Buying a home usually offers tax savings, but maybe not as much as you’d hope


If you bought a house last year or this year, good for you. Easier said than done. But new owners like you need to understand the tax angles. We are here for you. Please read on.

Depreciation for home ownership

As your friendly real estate agent has no doubt told you, the cost of home ownership is reduced by any tax savings. But these tax savings may be less than you expected. Our beloved tax code allows you to override itemized deductions for mortgage interest and property taxes. But the Tax Cuts and Jobs Act reduced these deductions until 2025.

Mortgage interest

If you bought a home last year or this year, you can claim an itemized deduction for interest on up to $750,000 of mortgage debt that was used to acquire or improve the place, or up to $375 $000 if using a separate filing married status. These limits apply until the end of 2025.

Prior to the TCJA, debt limits were $1 million and $500,000. Additionally, under the previous law, you could deduct interest on up to $100,000 of home equity debt, or $50,000 if you used married filing separate status. Until 2025, you can only deduct interest on the equity in your property that is used to acquire or improve your residence, subject to the overall limit of $750,000/$375,000.

As it stands, the more generous pre-TCJA debt limits will come back into play starting in 2026. Unless politicians change their minds.

Property taxes

You can claim an itemized deduction for state and local property taxes. However, through 2025, you cannot deduct more than $10,000 for state and local property taxes and state and local income taxes combined, or $5,000 if you use a separate married filing status.

Prior to the TCJA, there was no dollar limit on itemized deductions for state and local taxes. This more favorable rule should come back into play from 2026. We will see.

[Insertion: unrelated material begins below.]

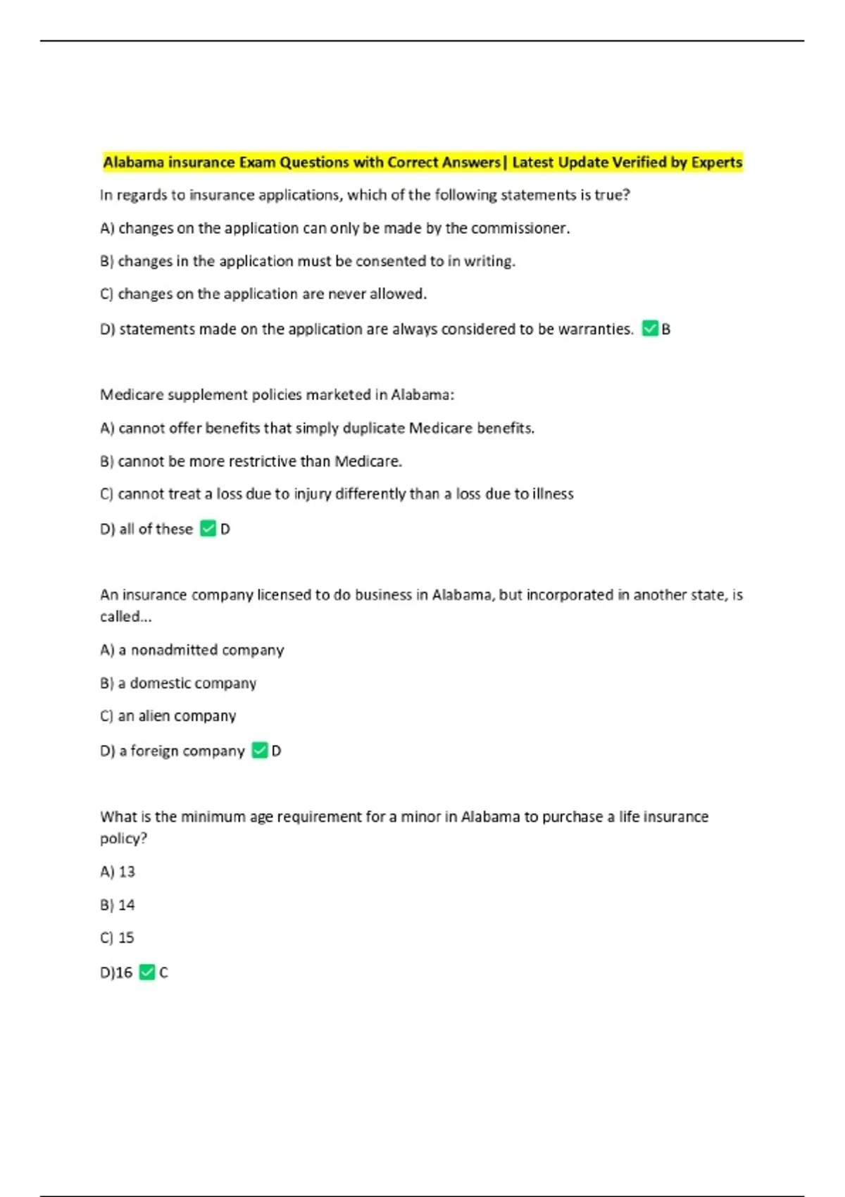 Alabama insurance Exam Questions with Correct Answers| Latest Update Verified by Experts

The standard deduction factor

Since the standard deduction is a “free” under tax law, you don’t need any deductible expenses to claim it. The TCJA has nearly doubled standard deduction amounts through 2025. For new homeowners, the relevant base standard deduction numbers are:

* $25,900 for married couples filing jointly for 2022, compared to $25,100 for 2021;

* $19,400 for heads of families in 2022, compared to $18,800 in 2021;

* $12,950 for singles for 2022, down from $12,550 for 2021.

These relatively generous standard deductions are good news. But they’re diluting the tax savings for new homeowners who didn’t itemize before, but do now, through their mortgage interest and property tax deductions. Counts only come forward to the extent that their total itemized deductions for the year exceed their standard deduction. Here is an example to demonstrate the point.

How Venting Affects Your Tax Bill

You are a married co-filer and would have claimed the standard co-filer deduction of $25,100 in 2021 if you had not purchased a home last year. But you bought one, so you claimed itemized deductions for $20,000 in mortgage interest and $7,000 in property taxes. You also paid $3,000 in state income taxes. So on your 2021 Form 1040, your itemized deductions were $30,000 ($20,000 for mortgage interest + $10,000 for local and state property and income taxes).

If you were in the 24% federal tax bracket last year, you might have thought buying the house would lower your tax bill by $6,480: 24% x $27,000 for mortgage interest and property taxes = $6,480. Sorry but no.

Indeed, being able to itemize through your new owner status only reduced your 2021 taxable income by $4,900. It’s the difference between the $30,000 in itemized write-offs you claimed and the standard $25,100 deduction you could have claimed without buying. So your actual federal income tax savings were only $1,176: 24% x $4,900 = $1.176. While it’s better than a kick in the ass, it’s not very meaningful in the grand scheme of things.

The bottom line

Now you know the hard truth about the tax benefits of home ownership. Buying a home usually offers tax savings, but maybe not as much as you’d hoped. That said, if you sell your home for a good profit down the road, you can qualify for the valuable principal residence gain exclusion reduction. Under this agreement, a married couple can avoid paying any federal income tax for up to $500,000 of profits on the sale of a home. For an unmarried person, the maximum benefit free of federal income tax is $250,000. Not bad.